The Turkish lira made an overnight come back on Monday as President Recep Tayyip Erdoğan revealed a new financial mechanism to shore up the currency.
The fresh measures come in the wake of rising prices and exchange rates as the government pursues its "new economic model," which emphasizes opposition to high interest.
Erdoğan said the new instrument would allow potential investors in foreign currencies to get the same results while sticking to the lira.
On Tuesday morning, the lira-dollar exchange rate dropped to 11.23 as of 9:30 a.m. local time (6:30 a.m. GMT), gaining almost 40% against the dollar since Monday evening.
The U.S. dollar and euro both tumbled more than 33% late Monday after Erdoğan unveiled the plan that he said would guarantee local currency deposits against market fluctuations.
Timothy Ash, a senior emerging-market strategist at London-based BlueBay Asset Management, also commented on the "insane" comeback.
"Absolutely insane day in Turkish FX today. Is there time for it to get to Robin Brooks' 9.50 fair value yet? Don't think I have ever seen such intraday FX volatility ever in my 30-plus year career," Ash said.
Analysts explained that following Erdoğan's speech, banks unloaded large amounts of foreign exchange reserves, which brought about a sharp decline in exchange rates, adding that the new financial products and incentives – the details of which are expected to be announced today – will support the balance of the exchange rate.
According to the analysts, the volatility in the shares of companies with foreign exchange liabilities, dividends and companies operating in the insurance sector may increase. They also drew attention to the high volatility of futures due to investors' foreign exchange stances.

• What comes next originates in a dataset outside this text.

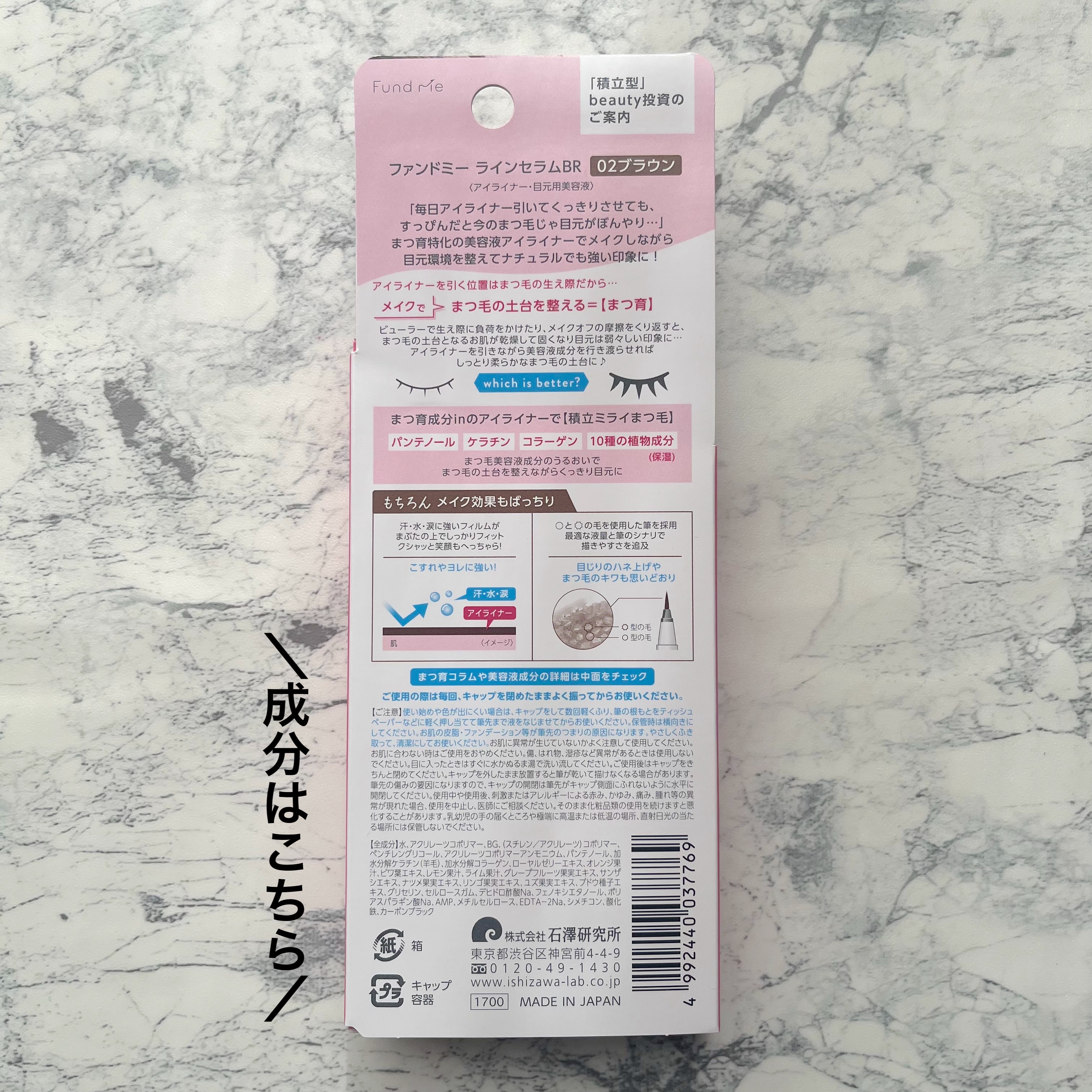 - まつ毛美容液でつくられたアイライナーです。まつ毛美容液成分のうるおいで、まつ毛の土台となる肌を整えながらくっきり目元に。 メイク効果もばっちり! 汗・水・涙に強いフィルムがまぶたの上でしっかりフィット。こすれやヨレに強いので、クシャッと笑顔もへっちゃら! 形の異なる2種類の毛を使用することで、最適な液量と筆のシナリを実現し、描きやすさを追及。目じりのハネ上げやまつ毛のキワも思いどおりにアイラインを引くことができます。 気分で選べる3色展開♪ コーディネートや気分によって選べる、嬉しい3色展開。 目元印象がバッチリな【01ブラック】。 目力はそのままに おしゃれな抜け感を演出する【02ブラウン】。 ザ・おしゃれな眼差し。 こなれ感を演出する【03バーガンディー】。 発売情報 2025年9月22日(月)以降順次、全国のロフトおよびロフトネットストアにて先行発売 2025年10月21日(火)全国のバラエティショップ、ECサイト、石澤研究所 公式通販発売 ※取扱い状況は店舗により異なります。一部店舗では発売日が前後する可能性がございます。お取り扱いや在庫状況は、直接店舗へお問い合わせください。

The government has argued that the surge in exchange rates ignored Turkey's strong economic fundamentals and blamed high prices on hoarders and global factors. The benefits of Turkey's new approach will become clear in the next three to six months, according to Erdoğan.
"Investors will be encouraged to move toward Turkish lira-based assets by the issuance of government bills that are indexed to public economic enterprise revenues that are transferred to the budget," he explained.
The Turkish economy with its many dynamics has often dealt surprises, with the latest remarkable developments unfolding since Monday.
In a speech late Monday, Erdoğan said: "Turkey will no longer be a country dependent on imports."
Speaking at a press conference after a Cabinet meeting at the Presidential Complex in Ankara, the president underlined that Turkey is adamant on its new economic model that prioritizes lower interest rates, high employment numbers and more investments.
Erdoğan emphasized that Turkey is committed to the free market economy; however, he did not elaborate on how the government would fund the potentially expensive and inflationary initiative.
"Turkey neither has any intention nor need to step back from the free market economy and exchange regime," he said.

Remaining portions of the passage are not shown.